Fenestration Canada hosted a series of webinars recently that dive deeper into code changes that came with the 2010 North American Fenestration Standard (NAFS). The first in the three-part series was a review of recent Canadian building codes and standards changes.

“Typically the code is written every five years” said Jeff Baker, technical consultant for Fenestration Canada. He explained the 2010 code has been adopted in British Columbia, Saskatchewan, Manitoba, Ontario, Nova Scotia, Yukon and the Northwest Territories with Ontario and British Columbia having written their own modified code.

The full list of the tests and prescriptive requirements in the 2010 NAFS code change.
The full list of the tests and prescriptive requirements in the 2010 NAFS code change.

According to the Baker, the 2010 code had one significant change that took place – the NAFS and its Canadian supplement.

The NAFS covers windows, doors and skylights and has prescriptive requirements and performance testing requirements, including testing of air leakage, water penetration and forced entry resistance among other things.

“This is the responsibility of the manufacturers – to make sure they are testing to all of these tests as part of the standards,” said Baker.

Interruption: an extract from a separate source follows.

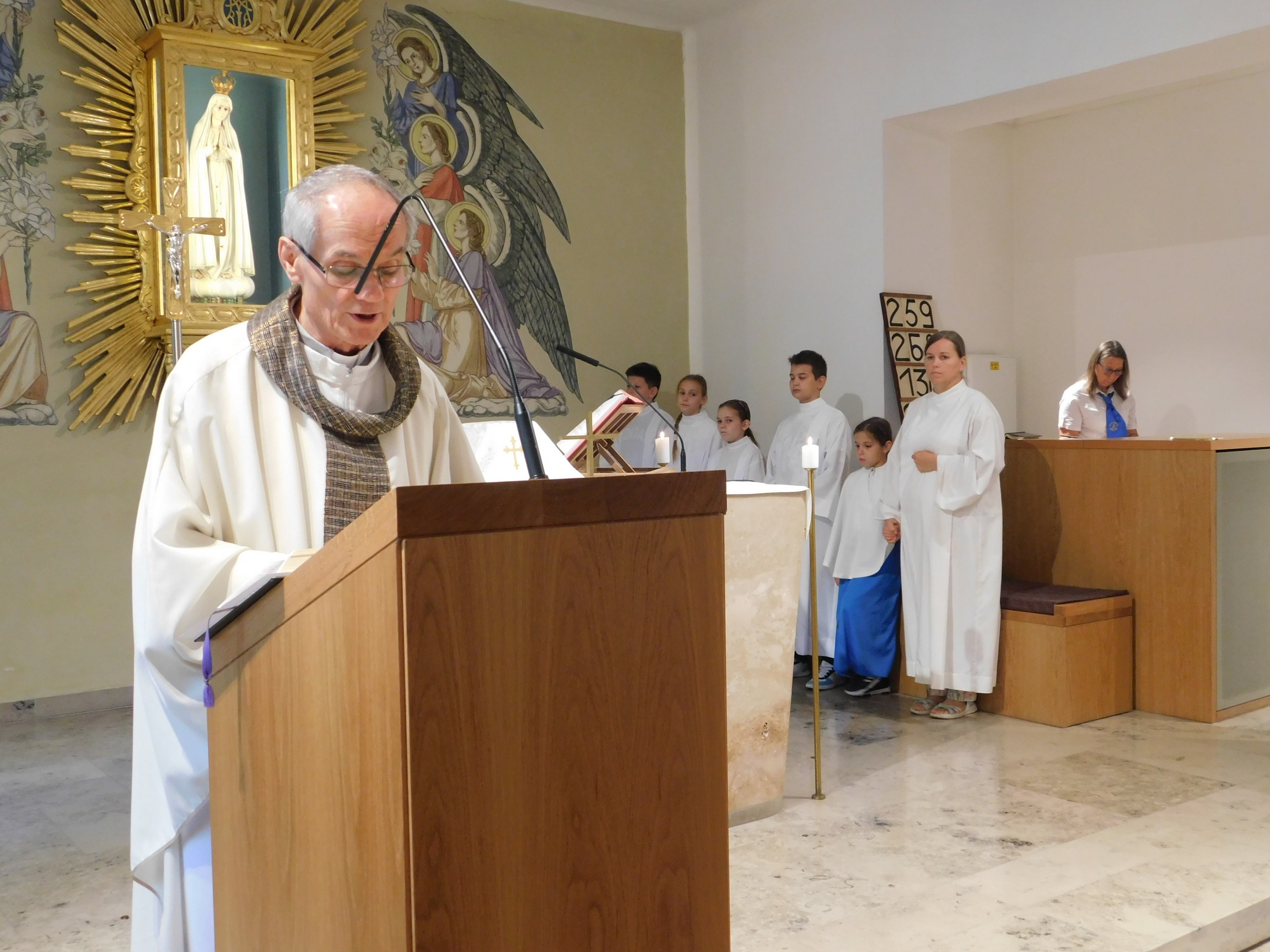 Prédikációjában a sokak által csak Gyuri atyának nevezett lelkész a fatimai látnokok példáját felidézve elmondta, hogy a gyermekektől 1917. szeptember 13-án azt kérte a Szűzanya: Imádkozzátok tovább a rózsafüzért, hogy így siettessétek a háború végét! Ez az üzenet ma is aktuális. A világ békéje a Szűzanya kezében van, de ezt ki kell imádkozni. Máriától is kérhetjük a békét, a rózsafüzér rendszeres imádkozásával. Az elhangzott napi evangéliumból kiindulva – „Istennél semmi sem lehetetlen!” utalt arra a lelkipásztor, hogy a viharos történelmi időkben mindig jött az imákra valamilyen váratlan segítség, akkor is, amikor földi emberként lehetetlennek tűnt a helyzet, mint pl. Hirosima és Nagaszaki bombázásánál vagy a szovjet kommunista diktatúra legkegyetlenebb korszakában.

The performance grades of NAFS consists of four performance classes of products: R, LC, CW and AW. Performance grades are then based on the design, structural test and water penetration resistance test pressure.

“In all cases, you have to meet at least three of those requirements as well as anything else in the performance grade standard,” said Baker.

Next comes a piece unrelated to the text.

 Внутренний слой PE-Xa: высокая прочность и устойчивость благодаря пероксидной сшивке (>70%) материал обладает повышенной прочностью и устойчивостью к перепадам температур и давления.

The Canadian supplement to NAFS required one more test and slightly stricter guidelines. They include:

  • Section 5.1
    • Insect screen serviceability test
    • 60 N force put in on outward direction
  • Section 5.2
    • Operating force requirement including the maximum force used to operate being more stringent than in the U.S.
  • Section 5.3
    • Water penetration resistance test pressure goes to 730Pa in Canada
  • Section 5.4
    • Air infiltration and exfiltration levels must be at A2 level

“You must test to the Canadian levels – you cannot stop [at the] U.S. levels,” in order to meet Canadian standards, said Baker.